The Modal backend is particularly interesting: the Agent costs almost nothing when idle (less than 1 cent), and automatically spins up GPU instances when code needs to execute. This is practical for manufacturing enterprises — your AI Agent doesn't need to occupy server resources 24/7, consuming resources only on-demand when tasks arise.

Engineering Quality: 3,700 Tests Are Not Just for Show

372 test files, approximately 3,700 test cases
Integration tests separated with @pytest.mark.integration
pytest-xdist support for parallel execution
Dependency versions all pinned with range locks (supply chain security)
Pydantic 2.12+ for data validation
Comprehensive type annotations

Several engineering details in the code worth learning from:

Thread-Safe Async Bridging (model_tools.py) — the most common pitfall in Python async programming is asyncio.run() creating and then closing the event loop, causing cached httpx/AsyncOpenAI clients to throw "Event loop is closed" errors. Hermes Agent uses threading.local() to maintain persistent event loops per thread, with three handling paths for each scenario: main CLI thread, async context, and worker threads.

Structured Summary Templates — summaries generated by context compression follow a fixed format: Goals, Progress, Decisions, File Changes, Next Steps. This ensures compressed information remains actionable rather than becoming vague generalizations.

Enterprise Deployment: Strengths and Weaknesses

auto_awesomeEnterprise-Grade Advantages

Multi-tenant messaging gateway — 12 platform adapters + session isolation. Building internal Slack/DingTalk bots without writing platform SDKs yourself.

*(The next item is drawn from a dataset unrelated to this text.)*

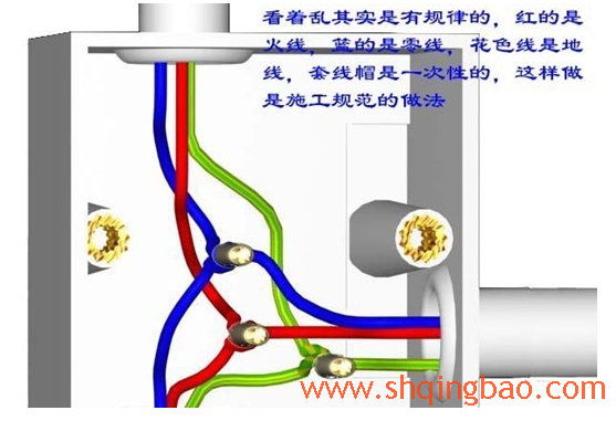 7.电线的打火,短路,接触不良,等等的故障不止是在接头上,还有一处是在接线盒内,有很多的现象是新房子水电都没有问题,装修结束后问题就现来了,再说一下电线盒内线头接法。看着乱其实是有规律的,红的是火线,篮的是零线,花的是地线,套线帽是一次性,有的工人打开后把线接好用胶布简单的处理一下就完事了,这是不正确的。

Cost controllable — per-provider billing tracking, context compression to reduce token consumption, auxiliary model offloading for low-complexity tasks, automatic degradation on rate limits.

Audit compliance — SQLite session storage records complete message history, tool call logs, and cost breakdowns, exportable for GDPR/SOX compliance.

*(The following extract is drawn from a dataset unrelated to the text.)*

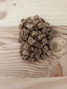 Los Cubos de Salmón 100 g son un snack natural elaborado con 100 % salmón de alta calidad, deshidratado con cuidado para preservar su sabor y propiedades nutricionales. Gracias a su fórmula simple, son una fuente excelente de proteína (70 % aprox.) y omega-3, esenciales para una piel brillante, pelaje saludable y bienestar cardiovascular.

Security defenses — approval required before dangerous tool execution, path traversal protection, prompt injection defense, credential stripping from error messages.

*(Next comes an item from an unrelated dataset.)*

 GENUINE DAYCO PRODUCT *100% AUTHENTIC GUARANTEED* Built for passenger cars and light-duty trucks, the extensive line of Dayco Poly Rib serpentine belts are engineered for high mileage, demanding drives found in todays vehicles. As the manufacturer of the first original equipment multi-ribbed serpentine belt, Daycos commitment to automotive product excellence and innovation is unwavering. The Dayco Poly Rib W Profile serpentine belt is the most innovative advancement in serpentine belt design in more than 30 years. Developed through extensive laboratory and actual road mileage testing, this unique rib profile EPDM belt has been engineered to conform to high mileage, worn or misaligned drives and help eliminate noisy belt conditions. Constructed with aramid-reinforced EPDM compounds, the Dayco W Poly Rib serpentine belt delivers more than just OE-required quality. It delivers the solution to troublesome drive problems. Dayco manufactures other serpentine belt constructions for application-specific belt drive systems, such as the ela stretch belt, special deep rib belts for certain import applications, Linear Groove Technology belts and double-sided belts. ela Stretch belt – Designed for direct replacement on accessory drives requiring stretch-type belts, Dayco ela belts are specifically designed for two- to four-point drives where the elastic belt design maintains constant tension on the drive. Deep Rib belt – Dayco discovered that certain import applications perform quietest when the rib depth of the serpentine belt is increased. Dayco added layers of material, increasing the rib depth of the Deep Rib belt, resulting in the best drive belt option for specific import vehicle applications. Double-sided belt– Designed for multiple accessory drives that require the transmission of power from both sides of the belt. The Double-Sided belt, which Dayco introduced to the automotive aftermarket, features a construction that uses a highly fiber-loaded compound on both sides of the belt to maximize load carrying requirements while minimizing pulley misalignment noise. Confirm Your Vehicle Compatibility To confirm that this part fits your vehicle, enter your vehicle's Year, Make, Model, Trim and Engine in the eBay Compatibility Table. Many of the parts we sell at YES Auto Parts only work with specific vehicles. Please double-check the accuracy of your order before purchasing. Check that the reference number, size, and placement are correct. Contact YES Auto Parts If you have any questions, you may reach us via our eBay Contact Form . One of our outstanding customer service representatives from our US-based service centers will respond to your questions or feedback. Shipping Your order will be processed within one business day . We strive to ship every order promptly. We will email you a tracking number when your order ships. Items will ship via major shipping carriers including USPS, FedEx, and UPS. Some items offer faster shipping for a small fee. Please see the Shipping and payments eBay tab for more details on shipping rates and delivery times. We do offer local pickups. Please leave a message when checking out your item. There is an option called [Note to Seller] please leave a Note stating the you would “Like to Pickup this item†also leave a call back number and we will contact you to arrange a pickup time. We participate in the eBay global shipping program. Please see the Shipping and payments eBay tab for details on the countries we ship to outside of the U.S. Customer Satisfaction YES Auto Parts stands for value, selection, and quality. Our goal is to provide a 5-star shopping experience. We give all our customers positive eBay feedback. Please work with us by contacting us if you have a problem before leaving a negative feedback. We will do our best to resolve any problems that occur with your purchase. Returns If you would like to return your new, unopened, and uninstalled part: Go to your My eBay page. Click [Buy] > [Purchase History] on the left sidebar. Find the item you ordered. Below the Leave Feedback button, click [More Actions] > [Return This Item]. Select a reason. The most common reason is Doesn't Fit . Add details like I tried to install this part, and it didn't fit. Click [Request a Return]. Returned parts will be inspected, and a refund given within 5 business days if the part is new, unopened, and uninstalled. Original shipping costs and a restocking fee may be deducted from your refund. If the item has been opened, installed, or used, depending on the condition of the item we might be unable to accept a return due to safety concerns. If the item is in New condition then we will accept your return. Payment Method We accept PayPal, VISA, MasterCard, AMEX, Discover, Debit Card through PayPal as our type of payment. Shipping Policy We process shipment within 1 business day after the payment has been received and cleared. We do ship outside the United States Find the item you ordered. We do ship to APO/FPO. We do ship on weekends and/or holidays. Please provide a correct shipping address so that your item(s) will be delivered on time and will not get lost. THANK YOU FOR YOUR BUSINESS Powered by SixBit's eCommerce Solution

Self-hosted — runs on a $5/month VPS, no cloud vendor dependency. MIT license, commercially usable.

But there are also hard limitations:

Single-process constraint — no cluster/distributed Agent pool, cannot scale horizontally. Each VPS runs one Agent instance
Gateway coupling — a 6,332-line core routing file; extending new platforms requires modifying core code
No vector retrieval — memory search relies on FTS5 full-text matching, with weak semantic recall capabilities
Insufficient team documentation — tutorials target individual developers, lacking enterprise-level deployment guides (multi-user collaboration, secret management, monitoring & alerting)

Verdict: Who Should Use It, Who Shouldn't

Good fit for:

Teams needing an internal AI assistant that remembers users and improves with use
Deploying AI capabilities within DingTalk/Feishu/Slack and other existing tools
R&D teams wanting Agents for paper reading, code review, knowledge accumulation
Budget-conscious teams needing multi-model intelligent routing for cost control

Not a good fit for:

High-throughput systems requiring hundreds of concurrent Agents processing tasks
Engineering teams needing deep customization at every level (better off building with LangChain)
Simple ChatBot functionality (overkill)

Hermes Agent's positioning is clear: it is not a library, it is a product. You don't build on top of it — you deploy it, configure it, and let it evolve on its own. For 80% of enterprise AI use cases, this may be the right approach: instead of spending 3 months building an Agent from scratch with LangChain, spend 3 days deploying Hermes Agent and let it learn your business.